The following day, the authorities closed off a path through the center of Moscow, and Putin’s cortege drove to the Kremlin for his inauguration through empty streets, an image that has come to symbolize his growing estrangement from Moscow’s urban electorate, who gave him less than half of the popular vote in the presidential ballot in March. Since then, the state has moved to stop the swell in civil activism. Putin signed a law last week that raised the fines for participating in an unsanctioned protest to around $10,000. The raids on organizers’ homes seemed to be the next installment of this crackdown.
In its statement from Monday, the day when most of the raids were conducted, the Investigative Committee said that it had confiscated “no less than” 1 million euros “placed in more than 100 envelopes” from the apartment of Ilya Yashin, an opposition leader, and Ksenia Sobchak, a television celebrity who has also joined the movement. “The investigation is trying to determine the source of this currency and what it was meant for,” the statement said, apparently hinting at the government’s dubious claim that protestors are paid to attend rallies.

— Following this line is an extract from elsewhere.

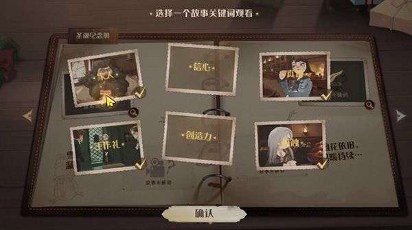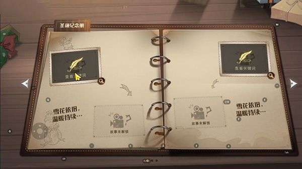 任务一:点击任务后箭头→,进入“圣诞纪念册”,点击“查看关键词”,选择关键词,之后点击观看按钮观看内容,阅读两次“圣诞纪念册”即可完成任务。

On Tuesday, the day of the second “March of Millions,” the committee ordered most of the leading activists to appear for interrogations, preventing them from speaking at the rally. Navalny and several others complied. But rather than scaring the protesters away, the raids seemed to increase the turnout. Several of the demonstrators marching through Moscow told me they might not have come if they had not heard about the raids the day before. “I was at my dacha [summer home] in the suburbs, but decided to come back when I read the news online,” said Yury Arkhipov, a middle-aged businessman, who had two white ribbons tied to the back of his baseball cap. In the end, around 50,000 people took part in the march.
When they reached the rally site, unimpeded by the troops who stood by in dozens of city buses and army trucks, the speakers had more to talk about than hackneyed slogans of “Russia without Putin!” “The crooks and thieves are panicking,” said Sergei Udaltsov, an opposition leader who refused to show up for the interrogation on Tuesday. “Our rally is taking place under unprecedented circumstances. Massive raids, arrests, criminal charges, this monstrous new law against protests. All of this meant to repress our activism.” The raids became the leitmotif for all the speeches at the rally, whose leaders have otherwise struggled to keep the movement’s messages coherent.
So if anything, the attempt to scare the leadership of the opposition has only invigorated it, and the authorities, having perhaps realized their mistake, are again backing off. No arrests were made at the march itself, and the detectives were “sweet as can be” during the interrogations afterward, Baronova says. “They probably realized they’d gone too far.” The next march through Moscow is now being planned for Oct. 7, Putin’s birthday, and Udaltsov has called for a nationwide political strike to start the same day. That would be another escalation in the stand-off that has shaken Russia’s political life awake in the last six months, and the government will likely respond with an escalation of their own. Dozens of activists are still being investigated in connection with the violence of May 6, and five of them are in jail awaiting trial. “But at a certain point, an activist is more useful to the cause from behind bars,” Baronova told me from her hideout in the suburbs. “So if it’s my time to go, I’ll go.”